The paroxysmal supraventricular tachycardia ecg features
The paroxysmal supraventricular tachycardia ecg features Paroxysmal supraventricular tachycardia (PSVT) is a common arrhythmia characterized by sudden episodes of rapid heart rate originating above the ventricles. Recognizing its electrocardiogram (ECG) features is essential for accurate diagnosis and effective treatment. PSVT episodes are often abrupt in onset and termination, which can sometimes make their identification challenging without careful ECG analysis.
One of the hallmark features of PSVT on an ECG is a narrow QRS complex, typically less than 120 milliseconds, indicating that the conduction pathway involves the normal His-Purkinje system rather than abnormal ventricular pathways. During an episode, the heart rate usually ranges from 150 to 250 beats per minute, resulting in a rapid, regular rhythm. This high rate often leads to the merging or loss of distinct P waves, making the atrial activity difficult to distinguish from the ventricular activity.
In many cases, P waves are either hidden within the QRS complex or appear immediately after it, producing a pseudo R’ or pseudo S wave pattern. When visible, P waves may be seen in the inferior leads (II, III, aVF) or sometimes in the V1 lead, but their morphology often resembles retrograde atrial activation, indicating that the atria are activated from an abnormal pathway or via retrograde conduction through the AV node. This retrograde P wave typically appears after the QRS complex, in the ST segment or early T wave, creating a characteristic short RP interval—usually less than 70 milliseconds.
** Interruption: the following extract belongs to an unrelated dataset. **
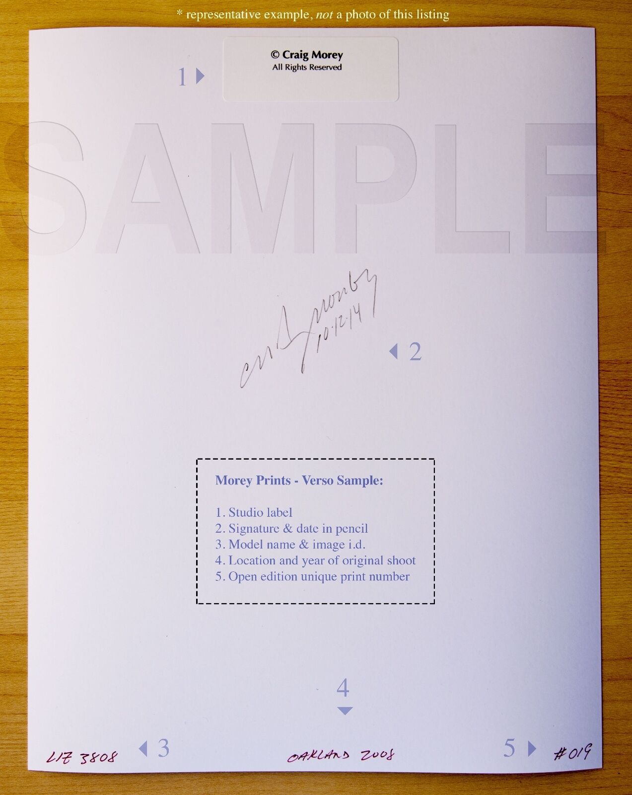 Specifications: This is a signed and numbered open edition 8.5×11 original exhibition print by Craig Morey. All prints are made with white borders, to maintain material quality and reduce handling damage. Artist’s signature appears in the lower right front, and the image details, studio label, and model name appear on back. Also written on the back is a unique edition number for each print.  (Note: artist logo and copyright info do not appear on the prints, only on the web versions)  All prints are custom made to order in the photographer’s studio.
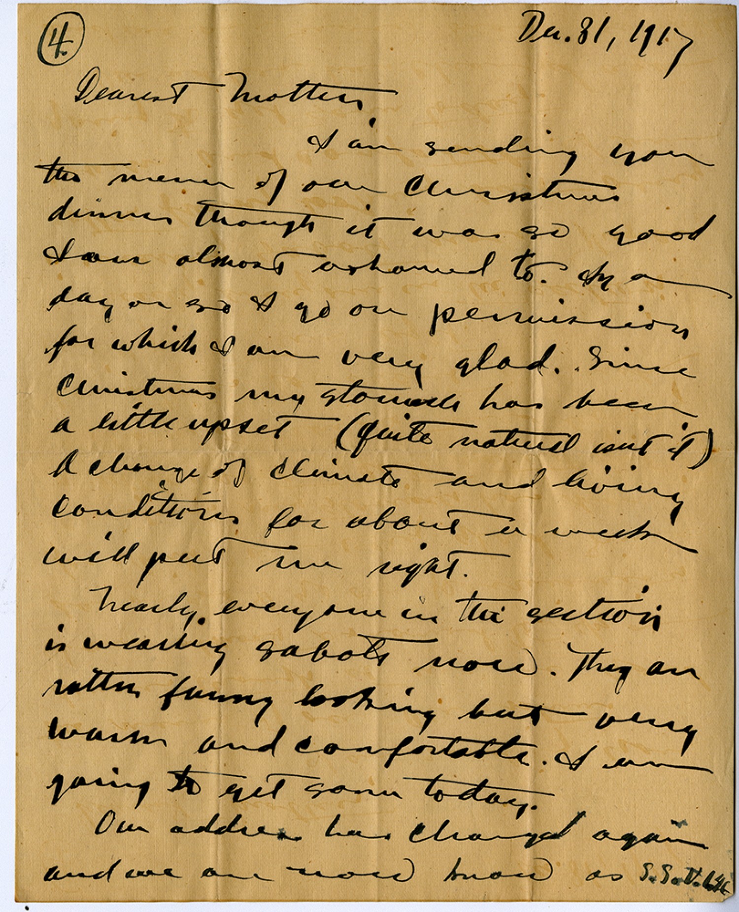 4. [December] 31, 1917 Dearest Mother, I am sending you the menu of our Christmas dinner though it was so good I am almost ashamed to. In a day or so I go on permission for which I am very glad. Since Christmas my stomach has been a little upset (quite natural isn't it). A change of climate and living conditions for about a week will put me right. Nearly everyone in the section is wearing sabots now. They are rather funny looking but very warm and comfortable. I am going to get some today. Our address has changed again and we are now known as S.S.U. 646

The T wave in PSVT often appears normal, but in some cases, it may be inverted in the inferior leads if retrograde conduction is prominent. The presence of a rapid, regular rhythm with a narrow QRS complex, combined with the short RP interval and retrograde P waves, is highly suggestive of PSVT. The sudden onset and termination of episodes are also distinguishing features, often triggered by premature atrial or ventricular beats.
Another important ECG feature is the absence of visible P waves in many cases during the tachycardia, which can sometimes be confused with other forms of supraventricular tachycardia. However, the key to differentiating PSVT lies in the short RP interval and the regularity of the rhythm. In some cases, vagal maneuvers or adenosine administration can transiently slow or terminate the arrhythmia, confirming the diagnosis. Adenosine temporarily blocks AV nodal conduction, revealing the underlying atrial activity and helping distinguish PSVT from other arrhythmias, such as atrial flutter or atrial fibrillation.
Understanding these ECG features is crucial for clinicians, as they influence management strategies. Accurate identification allows for prompt intervention, whether through vagal maneuvers, pharmacologic therapy, or electrical cardioversion if necessary. Recognizing PSVT’s characteristic ECG features ensures appropriate treatment and reduces the risk of complications associated with misdiagnosis or delayed therapy.